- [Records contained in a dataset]
>>

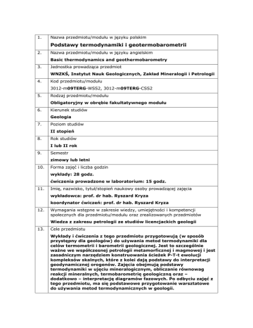 1. Nazwa przedmiotu/modułu w języku polskim Podstawy termodynamiki i geotermobarometrii 2. Nazwa przedmiotu/modułu w języku angielskim Basic thermodynamics and geothermobarometry 3. Jednostka prowadząca przedmiot WNZKŚ, Instytut Nauk Geologicznych, Zakład Mineralogii i Petrologii 4. Kod przedmiotu/modułu 3012-m09TERG-WSS2, 3012-m09TERG-CSS2 5. Rodzaj przedmiotu/modułu Obligatoryjny w obrębie fakultatywnego modułu 6. Kierunek studiów Geologia 7. Poziom studiów II stopień 8. Rok studiów I lub II rok 9. Semestr zimowy lub letni 10. Forma zajęć i liczba godzin wykłady: 28 godz. ćwiczenia prowadzone w laboratorium: 15 godz. 11. Imię, nazwisko, tytuł/stopień naukowy osoby prowadzącej zajęcia wykładowca: prof. dr hab. Ryszard Kryza koordynator ćwiczeń: prof. dr hab. Ryszard Kryza 12. Wymagania wstępne w zakresie wiedzy, umiejętności i kompetencji społecznych dla przedmiotu/modułu oraz zrealizowanych przedmiotów Wiedza z zakresu petrologii ze studiów licencjackich geologii 13. Cele przedmiotu Wykłady i ćwiczenia z tego przedmiotu przygotowują (w sposób przystępny dla geologów) do używania metod termodynamiki dla celów termometrii i barometrii geologicznej. Jest to szczególnie ważne we współczesnej petrologii metamorficznej i magmowej i jest zasadniczym narzędziem konstruowania ścieżek P-T-t ewolucji kompleksów skalnych, które z kolei dają podstawy do interpretacji geodynamicznej orogenów. Zajęcia obejmują podstawy termodynamiki w ujęciu mineralogicznym, obliczanie równowag reakcji mineralnych, termobarometrię geologiczną oraz – dodatkowo – interpretację diagramów fazowych. Po odbyciu zajęć z tego przedmiotu, ma się podstawowe przygotowanie warsztatowe do używania metod termodynamicznych w geologii. 14. Zakładane efekty kształcenia (W_1) Ma pogłębioną wiedzę nt. zjawisk i procesów geologicznych w skorupie Ziemi i ich termodynamicznych uwarunkowań. (W_2) Ma wiedzę z zakresu nauk ścisłych powiązanych z wybranymi aspektami nauk geologicznych, w szczególności z chemii fizycznej i termodynamiki. (W_3) Ma wiedzę w zakresie aktualnych problemów nauk o Ziemi oraz stosowanych w nich współczesnych metod badawczych, takich jak geotermobarometria. (W_4) Konsekwentnie stosuje zasadę ścisłego, opartego na danych empirycznych interpretowania zjawisk i procesów przyrodniczych w pracy badawczej. (W_5) Posiada pogłębioną wiedzę z wybranych dyscyplin nauk geologicznych (w szczególności – zastosowań geotermobarometrii w mineralogii i petrologii). (U_1) Potrafi zastosować zaawansowane techniki i narzędzia badawcze w zakresie wybranych dyscyplin nauk geologicznych (komputerowe modelowanie termodynamiczne). (U_2) Wykorzystuje literaturę naukową z zakresu nauk geologicznych w języku polskim i angielskim. (K_1) Rozumie potrzebę ciągłego uczenia się i podnoszenia kompetencji zawodowych, a także inspirowania i organizowania procesu uczenia się innych osób. 15. Symbole kierunkowych efektów kształcenia K2_W01 K2_W02 K2_W03 K2_W04 K2_W08 K2_U01 K2_U02 K2_K01 Treści programowe Wykłady: 1. Elementy chemii fizycznej w ujęciu mineralogicznym (pojęcia podstawowe, układy i ich opis; I zasada termodynamiki: energia wew., entalpia; II zasada termodynamiki, entropia). 2. Analiza termodynamiczna układów mineralnych (standardowe wielkości termodynamiczne: Vm, Cp, So, ∆ H0, ∆ G0; ocena kierunku reakcji mineralnej w warunkach standardowych; ocena kierunku reakcji w różnych warunkach T, P; obliczanie diagramów P-T stabilności minerałów o stałym składzie; reakcje z udziałem minerałów o zmiennym składzie). 3. Geotermobarometria: zasady konstrukcji geotermometrów i geobarometrów. Typy i przykłady geotermometrów i geobarometrów: proste reakcje mineralne (odmiany polimorficzne Al2SiO5); termometria solvus (termometr skaleniowy, Cal-Dol); termometria wymiany (Grt-Bt); reakcje z powstaniem/zanikiem faz (GASP: Grt-Pl-Al2SiO5-Qtz); termometria izotopowa; inne geotermobarometry (inkluzje, krystaliczność illitu i in.). 4. Komputerowe metody geotermobarometrii i modelowania termodynamicznego w geologii. 5. Diagramy fazowe i ich interpretacja (typy diagramów fazowych, określanie stanu układu w określonych warunkach, opis toru krystalizacji i topienia na wybranych diagramach fazowych: Di-An, Ne-SiO2, Fo-SiO2, LcSiO2, Ab-An, Ab-Or). Ćwiczenia: Ćwiczenia mają na celu praktyczne opanowanie metod stosowania podstaw termodynamiki do analizy układów mineralnych: obliczania warunków równowagi reakcji mineralnych i określania warunków temperatury i ciśnienia powstawania skał. Odrębną częścią ćwiczeń jest interpretacja diagramów fazowych użytecznych w petrologii metamorficznej i magmowej. Po zaliczeniu Podstaw termodynamiki i geotermobarometrii student ma przygotowanie do używania metod termodynamicznych (zwłaszcza termometrów i barometrów geologicznych) w swoich badaniach, co znajduje zastosowanie w petrologii i wielu innych dziedzinach geologii. 16. Zalecana literatura (podręczniki) Literatura podstawowa: Anderson, Crerar, 1993. Thermodynamics in geochemistry. The equilibrium model. Oxford. Bulakh, Krivovichev, Zolotariov, 1995. Formuly mineralov. Termodinamicheskiy analiz v mineralogii i geochimii. St.Petersburg. Fletcher, 1993. Chemical thermodynamics for Earth scientists. Longman. Smyth, 1993. Basic chemical thermodynamics. Oxford. Ufnalski W., 2004. Wprowadzenie do termodynamiki chemicznej. Oficyna Wydawnicza Politechniki Warszawskiej. Literatura uzupełniająca: Ehlers, 1972. The interpretation of geological phase diagrams. San Francisco. Spear, 1993. Metamorphic phase equilibria and pressure-temperature-time paths. Min. Soc. Amer., Washington. Ufnalski W., 2008. Równowagi i diagramy fazowe. Oficyna Wydawnicza Politechniki Warszawskiej. 17. Forma zaliczenia poszczególnych komponentów przedmiotu/modułu, sposób sprawdzenia osiągnięcia zamierzonych efektów kształcenia: Wykłady:
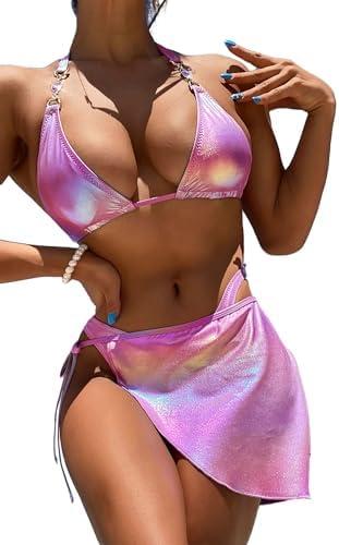 Women’s⁤ Sexy Liquid Metallic ⁢Triangle Diamond Bikini ‌Bathing Suit with Glitter Skirt ‍3 Piece Swimsuits
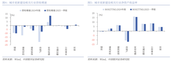 2025年一季报显示,钢铁、建筑材料、建筑装饰、房地产、公用事业等行业营业收入均同比负增长,家用电器、交通运输、环保行业的营业收入同比正增长。从盈利能力来看,钢铁、房地产行业的ROE(TTM)为负值,即未实现盈利;建筑材料行业的ROE(TTM)也相对较低。随着创新、宜居、美丽、韧性、文明、智慧的现代化人民城市建设开展,城市更新相关行业业绩有望显著改善。
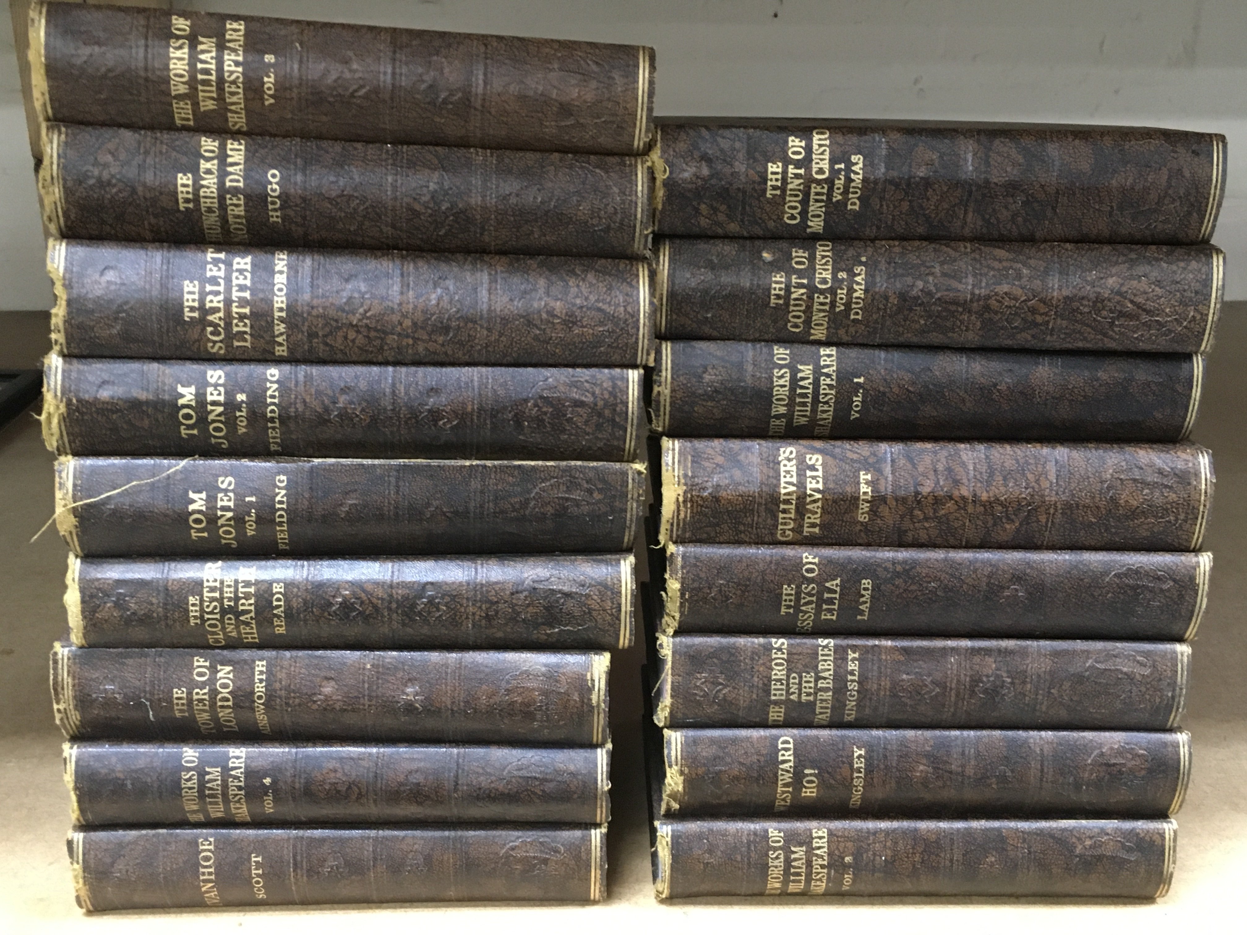 A collection of vintage Odhams Press Leather bound books including The Count of Monte Cristo, The Tower of London, Tom Jones etc. This lot cannot be posted
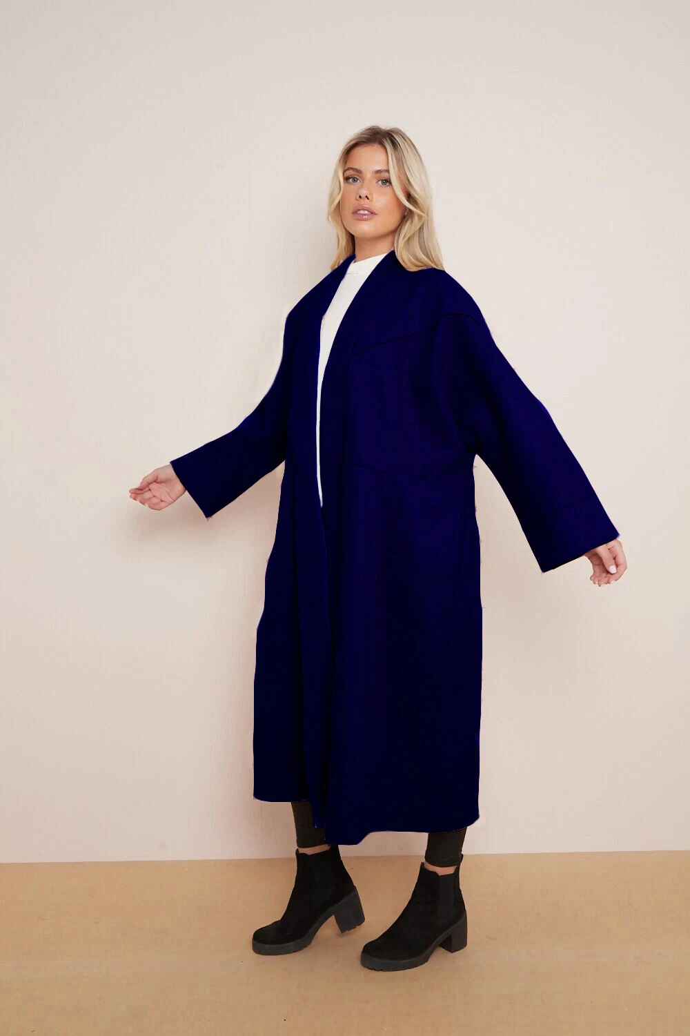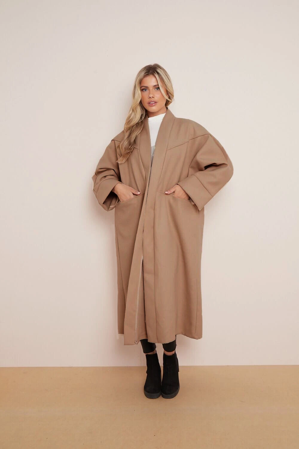 • Solid Color Exposed Stitches Pocket Oversize Thermal Coat, Plain Winter Open-Front Outerwear Jacket,Basic Womenswear

<<

- [Aim of the task] Return only the stretch above from the line containing "Women’s⁤ Sexy Liquid" through the line containing "A collection of", word for word and without pictures.

- [Written response]
 Women’s⁤ Sexy Liquid Metallic ⁢Triangle Diamond Bikini ‌Bathing Suit with Glitter Skirt ‍3 Piece Swimsuits
 2025年一季报显示,钢铁、建筑材料、建筑装饰、房地产、公用事业等行业营业收入均同比负增长,家用电器、交通运输、环保行业的营业收入同比正增长。从盈利能力来看,钢铁、房地产行业的ROE(TTM)为负值,即未实现盈利;建筑材料行业的ROE(TTM)也相对较低。随着创新、宜居、美丽、韧性、文明、智慧的现代化人民城市建设开展,城市更新相关行业业绩有望显著改善。
 A collection of vintage Odhams Press Leather bound books including The Count of Monte Cristo, The Tower of London, Tom Jones etc. This lot cannot be posted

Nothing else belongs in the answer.